The Contractor Factor – Get the Property for Less

In my early real estate days, I’d walk through a house for sale and point out all the defects to the seller (as if he didn’t already know about them). We’d then engage in a sort of tango where I’d say, “It’s a big problem that’ll cost $5,000 to fix.” And he’d say, “No, I’ve got a guy who can do it for 300 bucks,” or something equally ridiculous.

If the house had lots of problems, we’d end up with big differences as to what it would take to get the house fixed up and, as a result, it always looked like I was trying to “low-ball” the seller with an offer that was much less than fair. Actually, all I was trying to do was get a fair discount for the work needed to be completed before the house could be sold.

Sellers seem to think the repairs can get done for next to nothing, and their idea of “fixed up” often isn’t much to go on if they’ve been renting out wrecks for decades. I know those repairs will have to be done properly, and to make money on this thing I’ll have to get full credit for whatever fix-up work I undertake.

Frankly, too many new investors underestimate the amount of work, time, and money it takes to fix up houses, and they often end up doing all the rehab…only to hope like crazy they can sell for a price that’ll allow them to at least break even.

My “Contractor Factor” technique

I needed a solution to this repair/credit dilemma! I didn’t want to appear to be constantly “nit-picking” the seller about everything wrong with the property (I can’t take those guys), but I did need a way to make sure I got a price that ultimately made sense and allowed me to make money doing the needed repairs.

Eventually, I ended up with the “Contract Factor” technique, my solution to this tricky little problem.Now, whenever I’m looking at a property to buy where there’s any fix-up work anticipated, I’ll show up with my contractor for that first walk through with the seller. My contractor has been fixing up houses for years, and he’s got a better idea of what can go wrong with a house than I do.

Whenever he’s along, he knows his job is to be on the look out for things that don’t look just right. During that walk-through inspection, the contractor does all the note taking for me so I don’t even have to juggle a clipboard. The whole time the seller and I are looking the property over, my handyman is knocking and jiggling and stomping on everything in that darn house that might be trouble.

When we’re through, I discuss the place with the seller and my contractor steps off to the side for a minute and calculates exactly what it’ll take for us to bring the property into first class condition. When he’s done figuring, he taps me on the shoulder and hands me the “bad news.”

Ouch!You see, he wasn’t just taking notes on a legal pad or some scratch paper. Heck no. I have him write up a real bid on his official proposal forms. And when he’s through, he adds it all up, adds on the sales tax and hands me a bill.
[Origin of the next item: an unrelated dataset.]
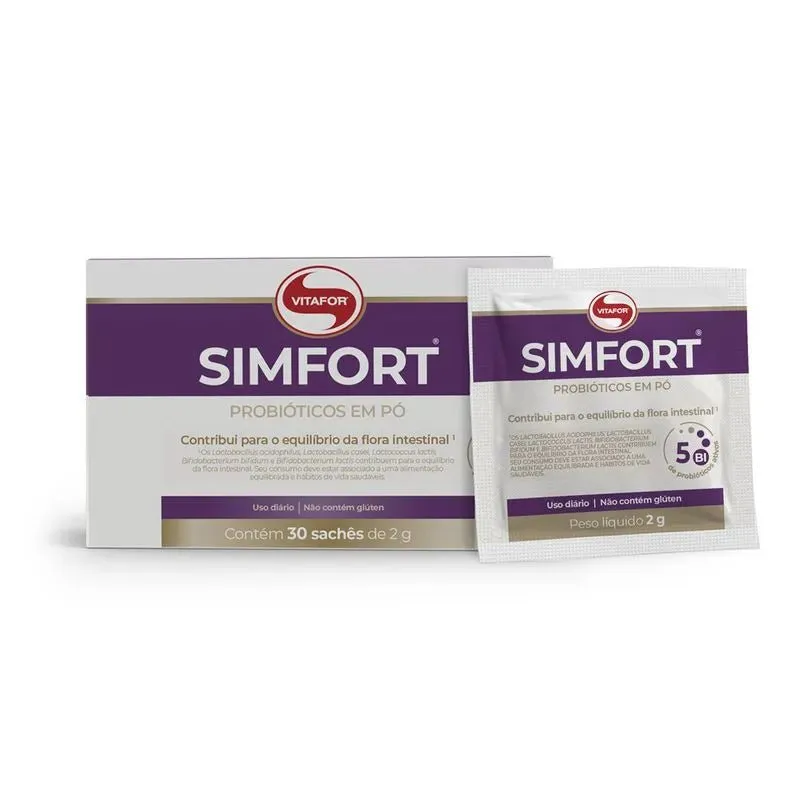 Sabemos da importância de ingerir bons alimentos para abastecer nosso corpo com os nutrientes necessários para uma boa saúde, só que por vezes não damos a devida atenção ao processo digestivo para que nosso corpo possa absorver os nutrientes²³. Nesse processo digestivo o intestino é responsável pela absorção da maioria dos nutrientes, além da eliminação das toxinas. O intestino é como uma selva composta por mais de um trilhão de seres vivos, quando essa microbiota está equilibrada, o intestino vai cumprir suas funções de forma eficiente²³. Além da absorção dos nutrientes, o intestino está conectado diretamente com cérebro, sendo inclusive chamado como “segundo cérebro”, por ser a região do corpo com maior número de neurônios depois do cérebro4. Nessa relação o intestino libera neurotransmissores, como a serotonina, conhecida pelo efeito de bem-estar. Outra participação essencial do intestino é em nosso sistema imune, é no intestino que se concentram 70% das células imunológicas7. A microbiota é composta por centenas de espécies de bactérias que ajudam nas funções intestinais, os principais tipo são bifidobactérias e lactobacilos. A saúde destas bactérias pode ser afetada pelo estresse, consumo de corantes, conservantes, álcool, tabaco, agrotóxicos e antibióticos5. Nosso modo de vida cotidiano favorece a morte de boas bactérias, seja pelo estresse ou pelos hábitos alimentares. E como resultado do enfraquecimento da microbiota intestinal, abre-se caminho para outros problemas5. Além de evitar consumir alimentos prejudiciais, alguns suplementos alimentares são auxiliares na reconstituição de uma flora intestinal saudável. Os probióticos são compostos de bactérias boas presentes em nosso intestino que podem ser ingeridos em forma de suplementação6. Ao ingerir estes probióticos você pode contribuir com o seu corpo repondo bactérias boas. SIMFORT® Vitafor é a tradição do probiótico. Um produto com cinco cepas de micro-organismos vivos que agem em sinergia contribuindo para o equilíbrio da flora intestinal1. A dose do Simfort contém micro-organismos liofilizados e altamente concentrados: Lactobacillus acidophilus, Lactobacillus casei, Lactococcus lactis, Bifidobacterium bifidum e Bifidobacterium lactis. São um total de 5 bilhões de probióticos por dose, que contribuem com o equilíbrio da flora intestinal.

More often than not that’s a number that darn near knocks me off my feet.

I get to be the “good guy”

Now, here’s the cool part….when it’s my contractor pointing out the problems to me (and not me pointing them out to the seller), I don’t have that “in your face” conflict with the seller at all anymore, and we no longer have to do the little tango. The repair work still gets brought out into the open, and it’s still obvious to the seller and me what needs to be done.

But now it’s not me beating the seller over the head with the costs. Instead of us arguing over how much it’ll take to fix the broken door frame, it’s now down right there in black and white, just like all the other items we’ll need to factor in when it comes time for finalizing a price.

How’s the seller going to argue with that? He ain’t!If I have to nit-pick the seller over each and every item, and if we have to go back and forth as to who’s opinion of the repair costs is more accurate, there’s just no way I can create a good atmosphere in which to deal.

But if I’ve got a bid on the repairs from a licensed contractor who knows his stuff, who am I or who is the seller to argue about what it’s going to take to get the thing fixed? And if the seller has a problem with the bid, well, it’s a problem with the contractor and not with me.

When we’re all wrapped up and the contractor has left and it’s just me and the seller talking turkey, he’ll occasionally say something like “Man, Joe, you really need to get another contractor…that guy’s ripping you off.”

I just get to give him my best, wide eyed “your kidding!” response and know my standing deal with my handyman is I pay half of whatever the contractor’s bid says, and he eats the sales tax. The “contractor” bids and the “handyman” actually does the work.

Try out my “Contractor Factor” technique. You’ll be amazed. Just last week I did one where my contractor didn’t make the meeting, and the seller walked him through on his own a couple days later. The result? The seller agreed to knock $7,000 off the price once that bid got tallied up and equaled more than 15% of the sales price. Not bad!